Rust Time in SQLite - Text vs. Integer/UnixTime

Discord Thread about this post

When working with any database, there will always be a time when it comes to storing some date and time information. In most databases, there is typically a datetime type that can be used for this purpose.

However, SQLite has a relatively simple type system and does not support any native datetime type. Fortunately, the SQLite type system has good support for a set of primitive types, which provides a few options for storing date and time information effectively.

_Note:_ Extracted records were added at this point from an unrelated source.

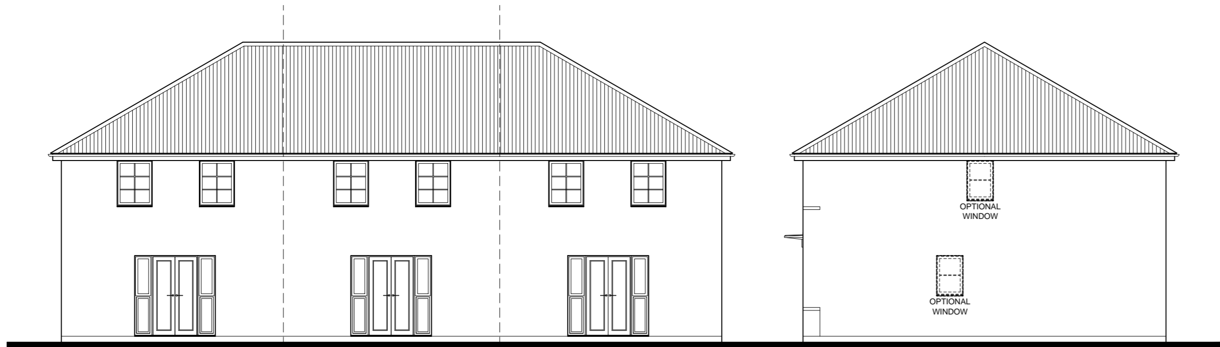
REAR ELEVATION MAIDSTONE (X)
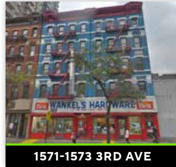
1571-1573 3RD AVE
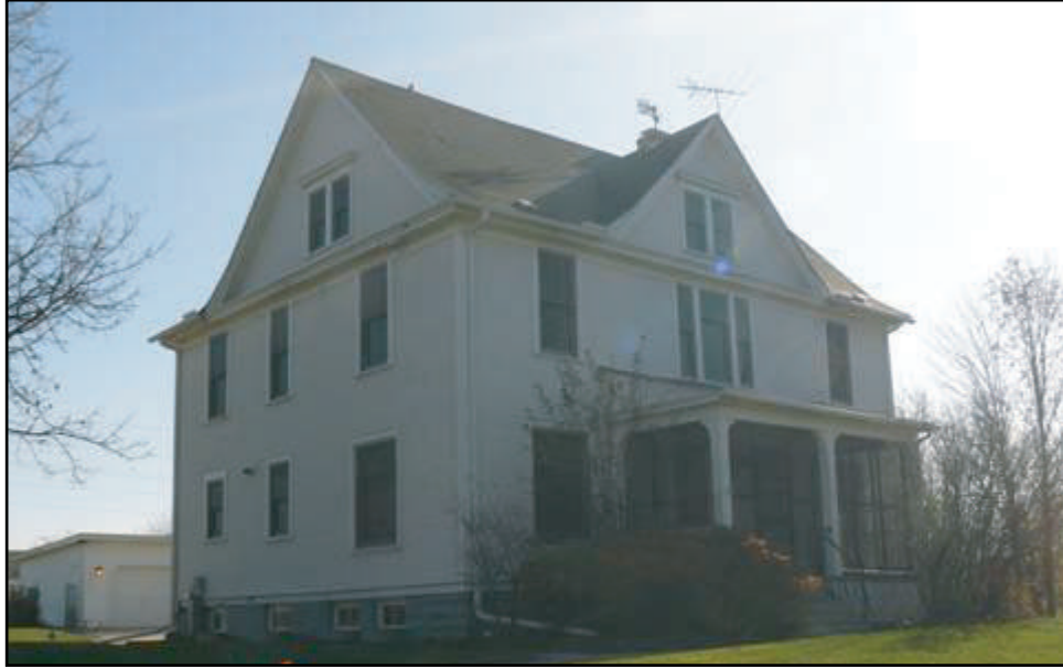
Figure 2. Overview of Building 37

Here are the two top decisions to make when storing date and time in SQLite:

Which SQLite type to use among the available types:
- INTEGER (up to 8 bytes, so, can be i64; SQLite decides the appropriate size).
- REAL (8 bytes, so, can be f64).
- TEXT (by default UTF-8, virtually any size).
- BLOB (essentially a byte array, virtually any size).
In what format to store it:
- For TEXT, we would likely use an ISO 8601 profile such as RFC 3339.
- For INTEGER, we would typically use UnixTime with defined precision (UnixTime Epoch 0 starts on (UTC) on January 1, 1970.).
- For REAL, the Julian Date with f64 could be used, where the integer part represents the number of days since the initial epoch (noon Universal Time (UT) Monday, January 1, 4713 BC, in the Julian calendar), and the fractional part represents the fraction of a day since the preceding noon.
- For BLOB, we could store it as a fixed-size blob representing [YYYY,MM,DD,HH,mm,ss,sss]. This approach follows the binary format of the time library used, facilitating serialization and deserialization from and to the database.

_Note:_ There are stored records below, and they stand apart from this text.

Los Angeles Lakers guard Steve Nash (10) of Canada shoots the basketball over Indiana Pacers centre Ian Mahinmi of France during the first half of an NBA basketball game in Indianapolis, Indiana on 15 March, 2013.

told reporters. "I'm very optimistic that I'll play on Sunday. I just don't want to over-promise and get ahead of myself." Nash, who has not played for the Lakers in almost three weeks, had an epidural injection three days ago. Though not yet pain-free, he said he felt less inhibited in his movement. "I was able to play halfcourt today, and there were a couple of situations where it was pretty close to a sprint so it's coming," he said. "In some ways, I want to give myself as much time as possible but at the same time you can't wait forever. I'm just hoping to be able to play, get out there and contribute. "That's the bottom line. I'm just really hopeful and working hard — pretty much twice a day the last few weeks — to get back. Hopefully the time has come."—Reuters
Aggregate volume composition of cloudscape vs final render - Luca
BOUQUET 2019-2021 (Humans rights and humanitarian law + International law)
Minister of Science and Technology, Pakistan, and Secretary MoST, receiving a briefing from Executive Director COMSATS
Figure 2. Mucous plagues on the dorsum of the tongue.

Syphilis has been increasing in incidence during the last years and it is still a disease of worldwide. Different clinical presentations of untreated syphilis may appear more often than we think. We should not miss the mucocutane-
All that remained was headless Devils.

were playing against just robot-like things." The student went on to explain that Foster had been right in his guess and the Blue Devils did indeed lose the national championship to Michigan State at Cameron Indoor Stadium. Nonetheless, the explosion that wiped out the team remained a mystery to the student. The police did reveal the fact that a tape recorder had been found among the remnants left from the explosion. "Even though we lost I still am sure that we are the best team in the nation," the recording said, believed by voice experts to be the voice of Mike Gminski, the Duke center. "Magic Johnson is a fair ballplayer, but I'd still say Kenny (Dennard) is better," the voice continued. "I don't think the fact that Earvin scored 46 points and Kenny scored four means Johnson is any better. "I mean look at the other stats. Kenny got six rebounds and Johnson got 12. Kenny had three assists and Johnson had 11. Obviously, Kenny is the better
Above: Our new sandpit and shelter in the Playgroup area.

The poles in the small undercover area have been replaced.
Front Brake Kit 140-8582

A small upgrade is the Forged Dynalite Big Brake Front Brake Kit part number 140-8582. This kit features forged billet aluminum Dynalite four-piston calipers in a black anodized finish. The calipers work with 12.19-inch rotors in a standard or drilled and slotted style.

Regardless of the types and format, a typical good practice is to always store time in UTC to avoid any confusion or overhead.

Now, among all those options, there are two top choices that work quite well: the TEXT/ISO 8601 option and the Unix UnixTime as Integer option. Regardless of which one we choose, it is usually a good idea to normalize all the time storage types/formats across the application code.

Below, we will go over these two options and explain our rationale for choosing Option 2) for our codebase, concluding with some Rust code examples for that choice.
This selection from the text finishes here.